#### DATA SHOWN

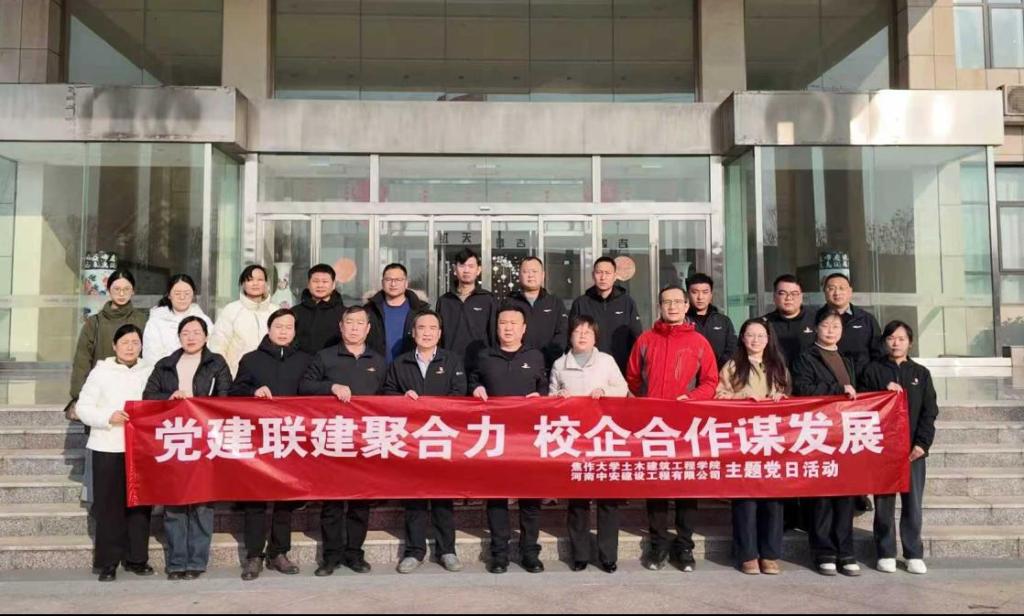 为深入贯彻落实党建引领产教融合发展理念,进一步深化校企合作、实现资源共享与优势互补,12月11日上午9点,焦作大学土木建筑工程学院党总支书记刘文莉、院长李志阳带领学院领导班子成员、教研室主任、实验室主任及党员代表一行,赴河南中安建设工程有限公司开展校企联建党支部主题党日活动。河南中安建设工程有限公司董事长张兆新,党总支书记、总经理杨小明,党总支副书记、副总经理、工会主席梁保国,总助、支委杨阳阳,支委、机关书记康伟,支委、九处书记梁艳红及企业其他党员、积极分子代表热情接待并参与活动。
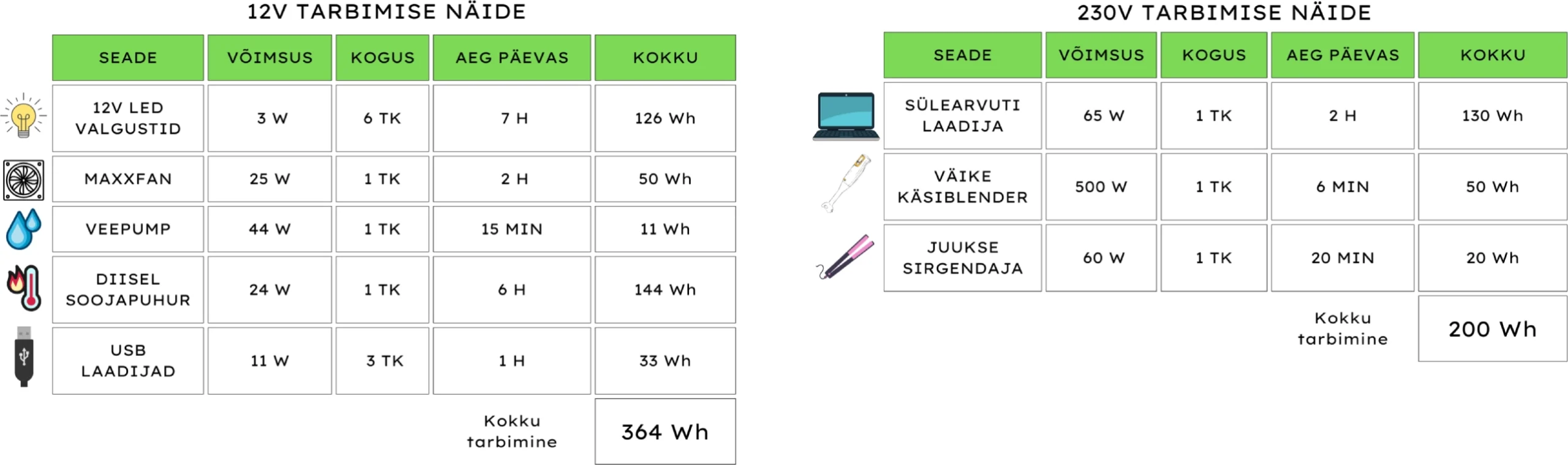 Kokku 564 Wh päevast tarbimist(külmik peaks olema gaasi pealt)
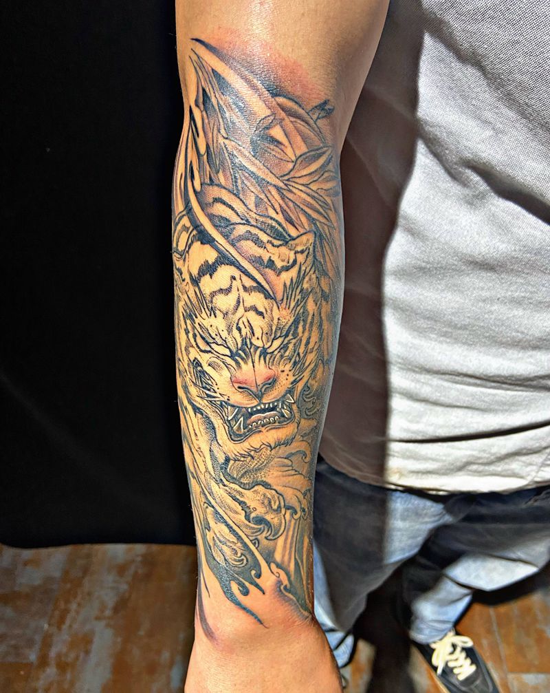 当前位置: 首页 >四川省德阳市纹身店-灵魂刺青纹身图案>老虎纹身图片_手臂手部新传统老虎 海浪纹身图案

#### BRIEF
With the pictures excluded, the line containing "Kokku 564 Wh" and every line after it through the end of the data above are to be transcribed exactly, and nothing more.

#### RESULT OF THE EXERCISE
 Kokku 564 Wh päevast tarbimist(külmik peaks olema gaasi pealt)
 当前位置: 首页 >四川省德阳市纹身店-灵魂刺青纹身图案>老虎纹身图片_手臂手部新传统老虎 海浪纹身图案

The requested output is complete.